A Câmara Municipal aprovou, na sessão legislativa da última segunda-feira, emenda à Lei Orgânica do Município (LOM) que desobriga prefeito, vice, vereadores, secretários e presidentes de empresas e autarquias municipais de publicarem, no Diário Oficial do Município (DOM), suas declarações de bens e renda.
Cinco parlamentares votaram contra a emenda: Rodrigo Agostinho (PMDB), José Eduardo Ávila (PPB), Luiz Carlos Valle (PDT), Milton Dota Jr. (PPS) e Paulo Madureira (PPB). Uma emenda de autoria de José Clemente Rezende (PPS), aprovada pelo plenário, tornou a obrigação facultativa, ou seja aqueles ocupantes de cargos públicos que desejarem publicar suas declarações de bens e renda no DOM poderão fazê-lo.
A votação da emenda foi tensa.
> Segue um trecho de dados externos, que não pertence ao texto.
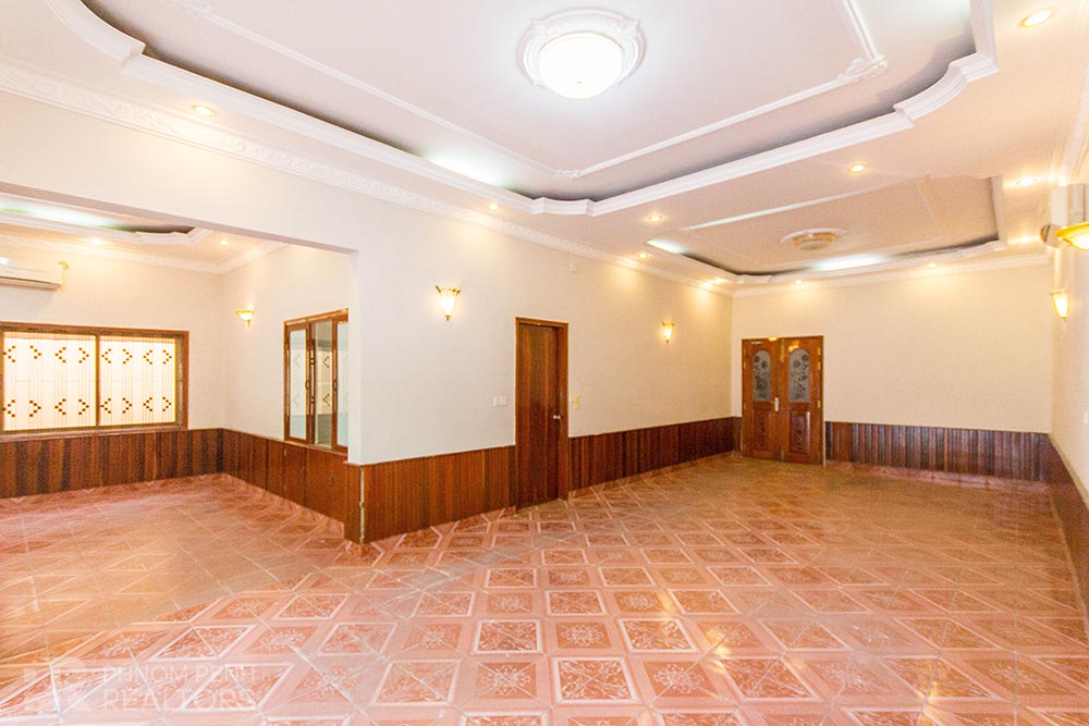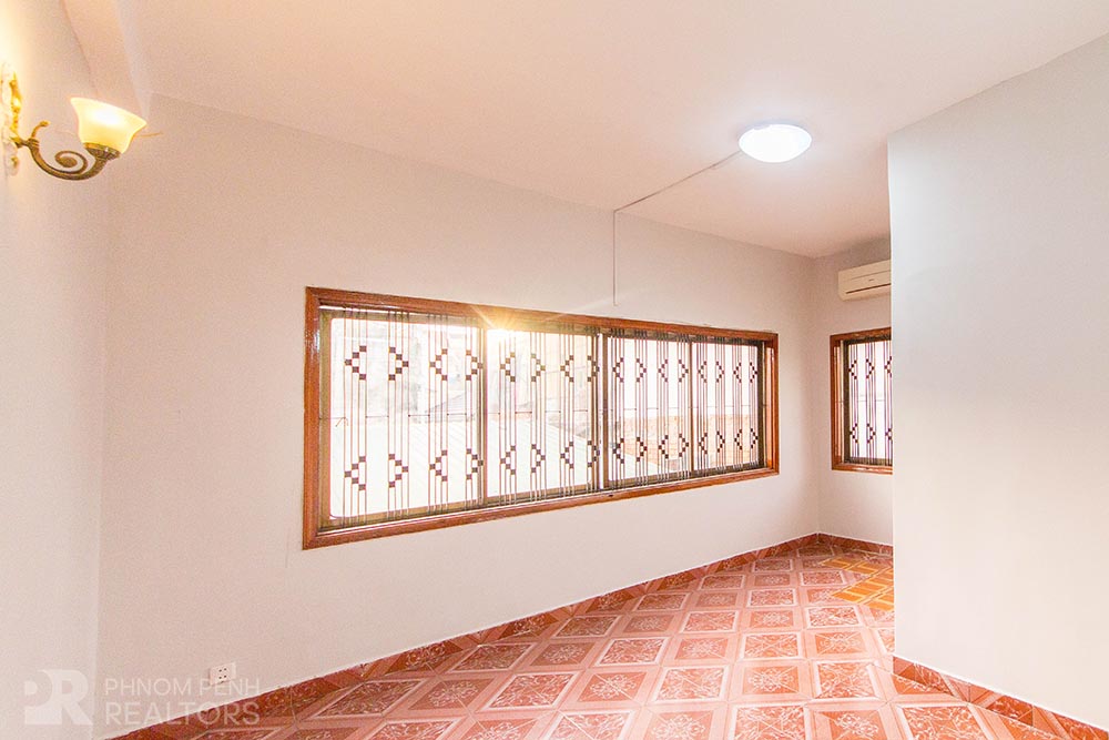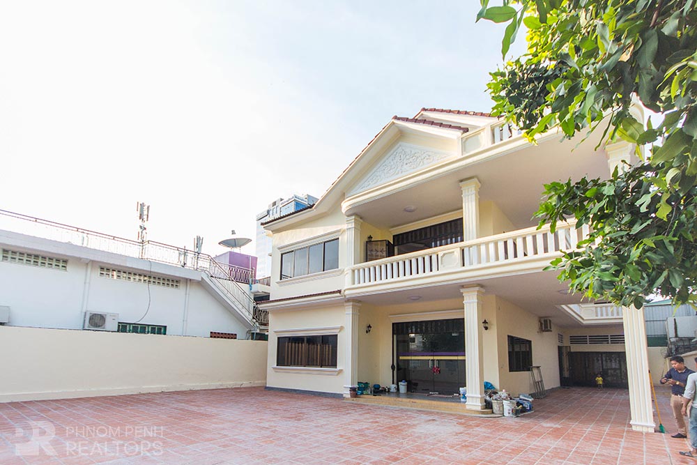 This beautiful villa is located in Chak Tomuk area neighborhood has 8 bedrooms, 8 bathrooms and a lot of natural light. This villa equipped with air-con, hot water and balconies. This villa amenities include with parking space for car, moto and bicycle.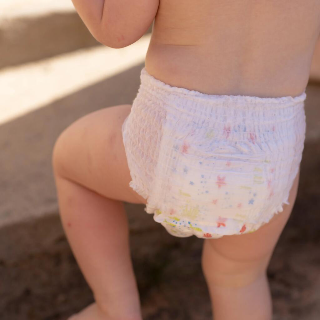 Επιλέξτε το μέγεθος που αντιστοιχεί ακριβώς στο βάρος του παιδιού σας, για καλή προσαρμογή του ελαστικού υλικού γύρω από τους μηρούς και τη μέση.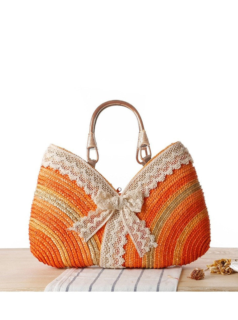 حقيبة حمل منسوجة مرقعة من الدانتيل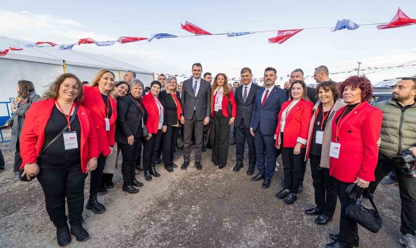 İzmir Büyükşehir Belediye Başkanı Cemil Tugay ile CHP Genel Başkanı Özgür Özel, Çeşme Belediye Başkanı Lal Denizli'nin öncülüğündeki Herkes İçin Adil Nitelikli Ev Modeli (Hanem Çeşme) projesinin temel atma törenine katıldı.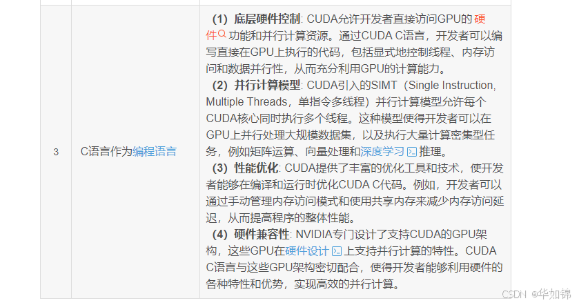 (1)CUDA C/C++:这是 CUDA 为并行编程所扩展的 C++ 语言,专为在 GPU 上编写并行代码而设计。开发者可以使用熟悉的 C++ 语法结构,通过特定的编程模型定义 GPU 任务,让代码更高效地在多线程环境中执行。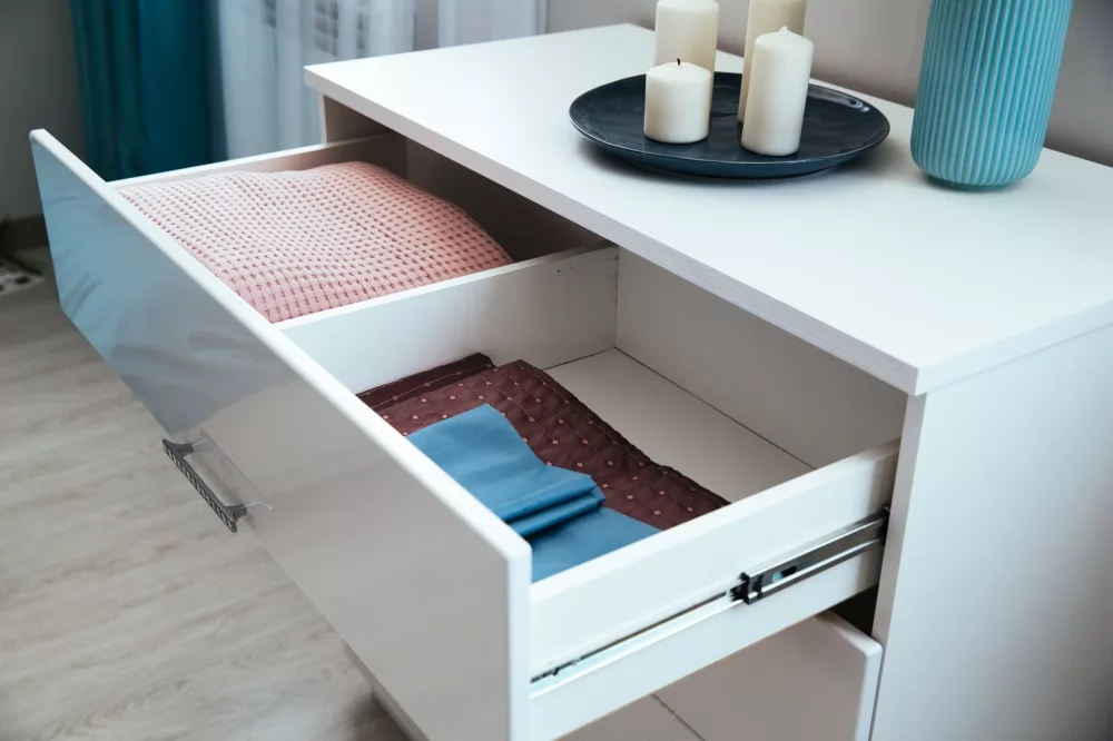 1. Комод имеет 4 выдвижных ящика с разделителями по середине.
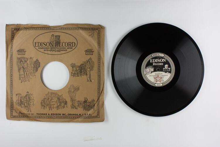 Side A: INDEX NO. 24871 V/O 27 / EDISON RECORD / A PRODUCT OF THE EDISON LABORITORIES / 82334-R / PRINTEMPS QUI COMMENCE / (Fair Spring is returning) / SAMSON ET DALILA / (Charles Saint- S?ens) / Contralto in French / KATHLEEN HOWARD / 5024 Side B: EDISON RECORD / A PRODUCT OF THE EDISON LABORITORIES / 82334-L / OU VA LA JEUNE INDOUE / (BELL SONG) / LAKME / Soprano in French / YVONNE DE TRÉVILLE / 4979 One side of sleeve: EDISON RECORD / (text and illustrations) Second side of sleeve: (text) / (Patents - list of years latest1918) / (text)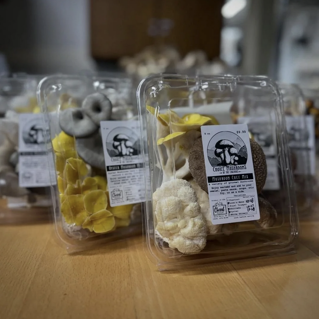 Find Chesed Farms mushrooms in produce section by the bread machine.

A maioria dos vereadores tentou promover uma votação discreta da proposta, mas Agostinho pediu a palavra para comentar sua posição contrária, fato que desagradou a muitos. O peemedebista voltou a alertar os parlamentares sobre a existência da lei federal 8.730, de 1993, sancionada pelo ex-presidente Itamar Franco, que exige a publicação da declaração de bens e renda em órgãos oficiais de comunicação.
Alguns vereadores defenderam a proposta justificando que o assunto envolvia questão de segurança pessoal e de suas famílias. Embora agora seja facultativa a publicação, de qualquer forma os ocupantes de cargos públicos terão que enviar os documentos ao Poder Legislativo, onde ficarão arquivados à disposição da população. Para consultá-los, bastará o encaminhamento de um requerimento ao presidente da Câmara.
A obrigatoriedade do prefeito, vice, vereadores, secretários e presidentes de empresas e autarquias municipais de encaminharem ao Legislativo a declaração de bens e renda remonta a gestão do ex-prefeito Tidei de Lima (PMDB). Na época, bastava encaminhar a documentação ao Legislativo, já que não havia a circulação do Diário Oficial do Município.
Em 1998, o vereador Luiz Carlos Valle propôs a emenda que obrigava a publicação do documento no DOM.